Monday, August 24, 2009
N.M. Considering Cuts to Medicaid
By Barry Massey
SANTA FE — State government's largest health care program faces a serious budget shortfall that could balloon to $300 million next year, forcing Gov. Bill Richardson's administration to start planning for cutbacks in Medicaid.
Options range from reducing or eliminating benefits, such as dental care for poor adults, to lowering the reimbursement rates for doctors and other providers, according to New Mexico Human Services Secretary Pam Hyde.
If drastic cost-cutting becomes necessary, she said, the state might need to scrap entire portions of Medicaid, such as a program to help low-income workers with insurance coverage, or revamp Medicaid to provide a minimum amount of services.
"We know there is going to be some cost containment. The only question is how much," Hyde said in an interview last week.

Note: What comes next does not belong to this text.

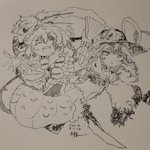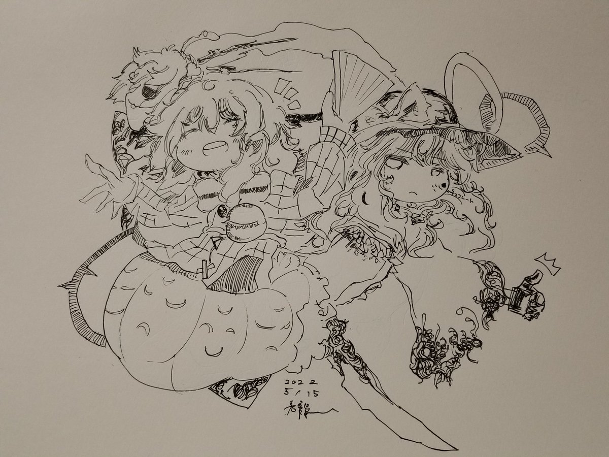 #深夜の真剣お絵描き60分一本勝負 お菓子をおくれとせがむ子ら、夜闇を練り歩くの事 女苑(紫苑) レティ フラン ひっっさしぶりのワンドロに挑戦してみたり。…色々すまんかったorz ネタが浮かんで描き終えた後に、紫苑じゃなくて女苑な事に気付いたのは秘密 ハリケーンボンビーは…アカンよう

Nearly one in four New Mexicans receive all or part of their health care through the Human Service Department's medical assistance services. Medicaid covers uninsured children, poor adults and disabled New Mexicans. Its services include long-term care for the elderly.
The bleak budget outlook for Medicaid adds to financial problems confronting the state. Because New Mexico's revenues are much weaker than expected, legislators plan to meet in a special session this fall to consider cutting spending to balance this year's $5.5 billion budget.
Medicaid accounts for about 11 percent of state spending.
The program's costs are projected to exceed its budget by $35 million to $40 million this year, and the shortfall could grow to $200 million to $300 million in the 2011 fiscal year that starts next July, according to the department. Hyde cautions that the cost projections are preliminary and it's possible this year's financial squeeze for Medicaid could lessen if New Mexico qualifies for more federal matching money because of rising unemployment.
Medicaid's costs have grown during the recession as more people ask for help. There's been a nearly 10 percent enrollment increase since mid-2008, according to Hyde. The fallout of Medicaid cutbacks on families and New Mexico's health care system worries social services advocates, who are lobbying the Legislature to raise taxes rather than cut spending for services like Medicaid.
Bill Jordan, policy director for New Mexico Voices for Children, points out that for every dollar the state spends on Medicaid, the federal government provides about $4 for the program.